我々の活動が新聞に取り上げられました
“HANDS”という、地域の外国人の日本語学習をサポートするサークルの記事が、
『河北新報』夕刊(12月20日)に掲載されました。
https://www.kahoku.co.jp/tohokunews/201912/20191220_13024.html
教養学部で日本語教員を目指す学生たちが中心に始めた活動で、いまも毎週2回、
とても熱心に活動しています。
“HANDS”という、地域の外国人の日本語学習をサポートするサークルの記事が、
『河北新報』夕刊(12月20日)に掲載されました。
https://www.kahoku.co.jp/tohokunews/201912/20191220_13024.html
教養学部で日本語教員を目指す学生たちが中心に始めた活動で、いまも毎週2回、
とても熱心に活動しています。
課題図書紹介 【独仏の言語文化】 担当:宮本直規先生
・小田中直樹『フランス7つの謎』(文春新書、2005)
・新野守広・飯田道子・梅田紅子『知ってほしい国ドイツ』(高文研、2017)
フランス文化の紹介は、文学、絵画、音楽,映画などの芸術を題材として無数の書物が書かれてきましたし、また食文化やファッション関係の解説書も数多く存在します。しかし、それ以外の関心を持って留学した人が、実際にフランスに住んでみて感じたギャップやカルチャーショックを正直に記した本は意外に少ないのではないでしょうか。
本書は、フランスの社会経済史を専門とする若い研究者がフランスに長期滞在したときに感じた、日常生活の疑問を率直に語り、その答えを探る内容になっています。いわば、日本の一般市民の視点を保ちながらのフランス体験記であり、知ったかぶりや無条件のフランス礼賛とは無縁です。
一読すれば、頑固なフランス人気質が、グローバル化の波の中でどのような軋轢を引き起こしているのか、よくわかりますし、日本の社会と比較することによって、フランスの現状だけではなく、日本社会の常識を考える視点も与えてくれます。
一方、「ドイツの言語文化」の課題図書は、『知ってほしい国ドイツ』(新野、飯田、梅田編著、高文研、2017、1700円)という本です。
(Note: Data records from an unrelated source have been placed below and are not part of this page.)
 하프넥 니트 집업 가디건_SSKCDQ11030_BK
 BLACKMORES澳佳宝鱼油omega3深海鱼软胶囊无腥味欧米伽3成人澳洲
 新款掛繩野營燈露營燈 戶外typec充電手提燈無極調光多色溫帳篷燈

ドイツの文化や歴史について、入門者にも分かりやすく解説した本は現在数多く出版されていますが、この本もそうしたものの一つです。
ドイツのペット事情やビールへのこだわりといった「ドイツ文化あるある!」的な記述でスタートし、第2次世界大戦を境としたその前後のドイツ文化の点描が続き、ヒトラーとナチズムについての章を経て、難民問題、脱原発、EUとの関係といった極めて現代的なテーマによって締めくくられます。特に第2次世界大戦前夜からヒトラー、ナチス、東西ドイツ、ドイツの再統一という近現代史の流れは、言語文化を志す皆さんには是非とも読んでおいてもらいたい部分です。
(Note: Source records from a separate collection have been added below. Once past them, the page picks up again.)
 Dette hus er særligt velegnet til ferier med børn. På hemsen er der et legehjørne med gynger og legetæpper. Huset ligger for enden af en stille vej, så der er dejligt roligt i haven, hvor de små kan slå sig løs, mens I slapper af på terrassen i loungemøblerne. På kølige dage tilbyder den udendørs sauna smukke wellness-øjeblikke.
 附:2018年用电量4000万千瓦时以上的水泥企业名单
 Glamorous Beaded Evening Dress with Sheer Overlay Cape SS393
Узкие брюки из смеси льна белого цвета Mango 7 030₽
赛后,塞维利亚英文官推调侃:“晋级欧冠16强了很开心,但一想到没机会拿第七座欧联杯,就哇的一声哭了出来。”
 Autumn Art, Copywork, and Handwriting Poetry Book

「知ってほしい」というタイトルが示すとおり、ドイツのことを「知りたい」と思っているみなさんには格好の入門書であることは確かなのですが、個々の部分では入門書の枠を超えた、突っ込んだ記述になっていることもまた事実です。しかし巻末には時代毎のドイツの地図や簡単な年表もついていますし、その気になればネットやスマホを駆使して未知の概念を調べながら読み進むことも可能なはずです。今のうちに、ぜひそうした読書のあり方にもチャレンジしてみて下さい。
課題図書紹介 【英米の言語文化】 担当:秋葉勉先生
・池上彰『そうだったのか! アメリカ』(集英社文庫、2009)
・コリン・ジョイス『「イギリス社会」入門』(NHK出版新書、2011)
「英米の言語文化」のジャンルでは、イギリスとアメリカに関係する文化、文学、歴史、思想、政治、経済など様々なことを学ぶことができます。関連する科目として、「英米文学史(2年次)」、「英米の言語文化(2年次)」、「英米文学(3年次)」、「原典講読(3年次)」、「言語文化学演習(3年次)」、「総合研究(4年次)」が用意されています。ことばとしての英語の言語表現と機能を学び、それと同時にことばの背後にある意味をさまざまな視点から分析・研究することによって、英米の言語文化のもつ特質を学ぶことができます。
次に推薦図書について簡単に紹介します。
(1)池上彰著『そうだったのか!アメリカ』(集英社) は、よくあるアメリカの紹介本とは違い、池上氏が現代のアメリカが抱える問題を分かりやすく解説しています。9章で構成されていて、アメリカの「宗教」、「連合国家」、「帝国主義」、「銃」、「裁判」、「移民」、「差別」、「経済」、「メディア」について、豊富な資料をもとに多角的な視点から解説されています。読んだあとに読者が「そうだったのか!」と驚かされ、アメリカを十分に理解できる内容になっています。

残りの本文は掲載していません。